С течением времени Солженицын свои стихи подверг строгой переоценке и всего лишь два из них поместил в тексте Собрания «внутри» «Архипелага ГУЛАГ»; поэтому, следуя авторской воле, мы о них речь здесь вести не будем.
Во второй пьесе история сводит в застенке контрразведки чрезвычайно разноликий собор заключённых, преимущественно русских по крови: вот какая среди них происходит необычная перекличка — «Полковник русской императорской армии Воротынцев! Поручик Русской освободительной армии Болоснин!
Капитан Красной Армии Холуденев!
Солдат американской армии Климов!
Капитан королевской югославской армии Темиров! Обер–лейтенант вермахта Хальберау!
Подпоручик Войска Польского Вжесник!
Капрал итальянской армии Фьяченте!
Борец бельгийского движения Сопротивления Прянчиков! Профессор Мостовщиков!
Кузьма Кулыбышев, председатель колхоза «Ивана Сусанина» (VIII, 172).
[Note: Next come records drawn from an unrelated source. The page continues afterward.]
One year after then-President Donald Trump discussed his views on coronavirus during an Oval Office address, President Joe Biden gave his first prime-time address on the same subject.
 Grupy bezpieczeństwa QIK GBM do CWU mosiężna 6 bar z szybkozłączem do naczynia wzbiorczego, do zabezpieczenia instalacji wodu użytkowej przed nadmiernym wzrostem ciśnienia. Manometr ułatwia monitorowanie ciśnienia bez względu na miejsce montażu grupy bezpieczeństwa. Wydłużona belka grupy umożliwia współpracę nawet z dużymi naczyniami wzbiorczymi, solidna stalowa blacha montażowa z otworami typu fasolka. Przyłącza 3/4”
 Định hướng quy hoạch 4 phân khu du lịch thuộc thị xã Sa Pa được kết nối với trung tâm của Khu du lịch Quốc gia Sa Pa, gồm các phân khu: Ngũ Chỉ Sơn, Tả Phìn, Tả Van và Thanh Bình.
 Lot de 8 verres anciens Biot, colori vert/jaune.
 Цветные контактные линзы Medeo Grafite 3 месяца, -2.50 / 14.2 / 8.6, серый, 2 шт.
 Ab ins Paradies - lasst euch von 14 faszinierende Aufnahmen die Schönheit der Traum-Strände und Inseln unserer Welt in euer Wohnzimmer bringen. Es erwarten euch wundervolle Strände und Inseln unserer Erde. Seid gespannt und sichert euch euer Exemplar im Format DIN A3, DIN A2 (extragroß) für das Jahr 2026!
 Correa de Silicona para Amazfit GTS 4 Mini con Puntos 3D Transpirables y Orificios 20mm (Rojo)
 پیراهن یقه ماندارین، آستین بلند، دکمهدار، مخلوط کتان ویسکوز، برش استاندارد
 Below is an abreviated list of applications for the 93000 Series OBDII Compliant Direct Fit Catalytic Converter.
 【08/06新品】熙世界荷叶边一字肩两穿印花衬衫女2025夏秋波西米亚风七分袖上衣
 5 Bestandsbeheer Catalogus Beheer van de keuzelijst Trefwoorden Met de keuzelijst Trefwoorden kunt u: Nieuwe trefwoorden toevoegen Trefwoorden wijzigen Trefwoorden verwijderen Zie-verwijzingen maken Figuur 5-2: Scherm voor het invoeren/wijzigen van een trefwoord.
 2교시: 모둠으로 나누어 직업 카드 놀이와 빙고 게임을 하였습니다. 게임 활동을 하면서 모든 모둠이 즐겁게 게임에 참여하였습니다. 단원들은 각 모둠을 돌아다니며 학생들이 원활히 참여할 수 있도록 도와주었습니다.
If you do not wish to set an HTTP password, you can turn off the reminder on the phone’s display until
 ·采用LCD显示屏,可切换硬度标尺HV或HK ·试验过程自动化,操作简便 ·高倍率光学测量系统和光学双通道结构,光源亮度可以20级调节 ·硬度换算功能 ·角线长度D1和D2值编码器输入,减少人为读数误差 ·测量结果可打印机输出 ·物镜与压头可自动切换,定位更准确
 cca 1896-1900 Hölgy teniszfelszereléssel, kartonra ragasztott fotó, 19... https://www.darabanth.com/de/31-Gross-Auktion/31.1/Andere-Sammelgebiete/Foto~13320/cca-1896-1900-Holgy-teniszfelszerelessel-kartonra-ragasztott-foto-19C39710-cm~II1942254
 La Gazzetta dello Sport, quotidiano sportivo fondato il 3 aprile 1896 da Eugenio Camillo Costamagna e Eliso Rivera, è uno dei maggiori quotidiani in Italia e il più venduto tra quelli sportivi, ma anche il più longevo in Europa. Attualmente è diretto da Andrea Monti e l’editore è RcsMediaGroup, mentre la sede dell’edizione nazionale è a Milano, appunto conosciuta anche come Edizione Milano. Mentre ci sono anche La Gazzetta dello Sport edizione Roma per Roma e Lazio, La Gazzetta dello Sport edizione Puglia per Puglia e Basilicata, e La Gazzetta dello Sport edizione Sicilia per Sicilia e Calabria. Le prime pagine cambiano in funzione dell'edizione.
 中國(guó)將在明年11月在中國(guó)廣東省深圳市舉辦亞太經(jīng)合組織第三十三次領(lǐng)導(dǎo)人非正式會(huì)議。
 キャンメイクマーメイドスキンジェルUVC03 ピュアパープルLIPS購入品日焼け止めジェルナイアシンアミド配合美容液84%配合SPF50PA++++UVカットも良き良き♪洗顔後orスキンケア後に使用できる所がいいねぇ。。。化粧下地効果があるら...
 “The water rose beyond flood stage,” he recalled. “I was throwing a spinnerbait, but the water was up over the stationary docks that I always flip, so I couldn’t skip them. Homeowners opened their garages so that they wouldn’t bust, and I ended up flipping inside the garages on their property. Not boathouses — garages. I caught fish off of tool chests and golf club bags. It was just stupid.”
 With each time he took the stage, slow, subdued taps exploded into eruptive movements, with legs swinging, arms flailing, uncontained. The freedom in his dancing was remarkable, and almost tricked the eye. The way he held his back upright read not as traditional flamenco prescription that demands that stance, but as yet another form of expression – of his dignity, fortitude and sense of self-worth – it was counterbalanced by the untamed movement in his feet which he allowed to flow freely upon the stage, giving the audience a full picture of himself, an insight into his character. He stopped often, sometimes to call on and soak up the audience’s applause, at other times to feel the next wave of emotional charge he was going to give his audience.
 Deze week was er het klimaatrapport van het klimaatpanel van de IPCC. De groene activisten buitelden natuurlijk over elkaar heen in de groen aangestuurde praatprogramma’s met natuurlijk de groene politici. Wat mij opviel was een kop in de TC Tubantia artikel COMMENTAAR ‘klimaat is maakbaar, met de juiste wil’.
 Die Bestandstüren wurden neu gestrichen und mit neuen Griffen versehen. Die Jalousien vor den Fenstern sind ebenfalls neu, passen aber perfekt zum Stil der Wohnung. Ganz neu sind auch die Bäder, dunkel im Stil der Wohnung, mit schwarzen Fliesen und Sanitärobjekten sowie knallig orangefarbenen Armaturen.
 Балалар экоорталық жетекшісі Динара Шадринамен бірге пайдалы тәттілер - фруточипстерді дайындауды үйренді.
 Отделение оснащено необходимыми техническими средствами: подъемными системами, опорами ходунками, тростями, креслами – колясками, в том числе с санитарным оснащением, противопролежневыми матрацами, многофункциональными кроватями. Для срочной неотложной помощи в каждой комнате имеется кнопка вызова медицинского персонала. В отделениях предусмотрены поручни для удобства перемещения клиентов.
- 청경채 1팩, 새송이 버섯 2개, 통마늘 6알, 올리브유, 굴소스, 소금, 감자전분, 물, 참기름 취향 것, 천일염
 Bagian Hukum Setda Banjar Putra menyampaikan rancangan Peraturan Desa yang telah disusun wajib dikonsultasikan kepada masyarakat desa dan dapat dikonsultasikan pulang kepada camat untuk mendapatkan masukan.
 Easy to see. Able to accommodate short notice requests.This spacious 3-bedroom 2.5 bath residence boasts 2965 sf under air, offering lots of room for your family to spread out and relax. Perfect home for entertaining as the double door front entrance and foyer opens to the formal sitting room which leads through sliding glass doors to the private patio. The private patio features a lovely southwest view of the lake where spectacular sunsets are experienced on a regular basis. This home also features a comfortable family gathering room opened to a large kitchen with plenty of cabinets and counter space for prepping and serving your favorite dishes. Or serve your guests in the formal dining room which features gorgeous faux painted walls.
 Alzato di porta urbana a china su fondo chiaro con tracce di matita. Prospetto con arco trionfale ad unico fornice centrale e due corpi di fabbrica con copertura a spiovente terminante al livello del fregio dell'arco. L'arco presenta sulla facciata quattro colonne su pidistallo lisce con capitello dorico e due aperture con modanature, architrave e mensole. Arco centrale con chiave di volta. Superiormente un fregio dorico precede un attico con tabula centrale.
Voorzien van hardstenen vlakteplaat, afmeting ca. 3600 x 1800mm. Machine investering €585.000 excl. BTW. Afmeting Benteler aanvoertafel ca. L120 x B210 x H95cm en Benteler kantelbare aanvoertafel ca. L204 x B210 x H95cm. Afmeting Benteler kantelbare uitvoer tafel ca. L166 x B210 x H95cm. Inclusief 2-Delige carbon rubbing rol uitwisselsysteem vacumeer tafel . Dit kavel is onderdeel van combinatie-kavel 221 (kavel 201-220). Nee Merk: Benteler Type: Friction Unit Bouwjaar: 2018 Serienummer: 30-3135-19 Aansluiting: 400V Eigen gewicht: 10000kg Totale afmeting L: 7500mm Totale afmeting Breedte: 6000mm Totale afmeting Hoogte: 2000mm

Начатая также в лагере, пьеса дописывалась уже в ссылке. В ней для последующего изложения чрезвычайно любопытен один побочный эпизод — это картина 11–я. Тут вместо персонажа первого романа является впервые один из сквозных героев последнего и главного — полковник Воротынцев из «Августа Четырнадцатого». Картина представляет собой последний поединок двух полковников: 69–летний Воротынцев, прошедший пять войн начиная ещё с японской, приговорён к повешению; вызвавший его на допрос 55–летний полковник НКГБ Рублёв смертельно болен. Обоим жить осталось считанные дни, и вот они на пороге смерти затевают извечный русский спор — «чья же взяла». У обоих отрицание звучит убедительней утверждения, но сходятся они только в одном — что прошедшая фронт молодёжь, говоря словами Рублёва, «не наша. Но и не ваша» (VIII, 231). «Вам, чтобы победить, нужно было быть беспощадными», — наставляет он своего противника. «Но тогда чем же бы мы отличались от вас?» — возражает тот. Под конец Рублёв предлагает третий выход из взаимно тупикового положения: вместо позорной Воротынцева и страшно–больной своей принять тотчас третью, лёгкую смерть от яда. Воротынцев, сперва смущённый, затем решительно отрекается.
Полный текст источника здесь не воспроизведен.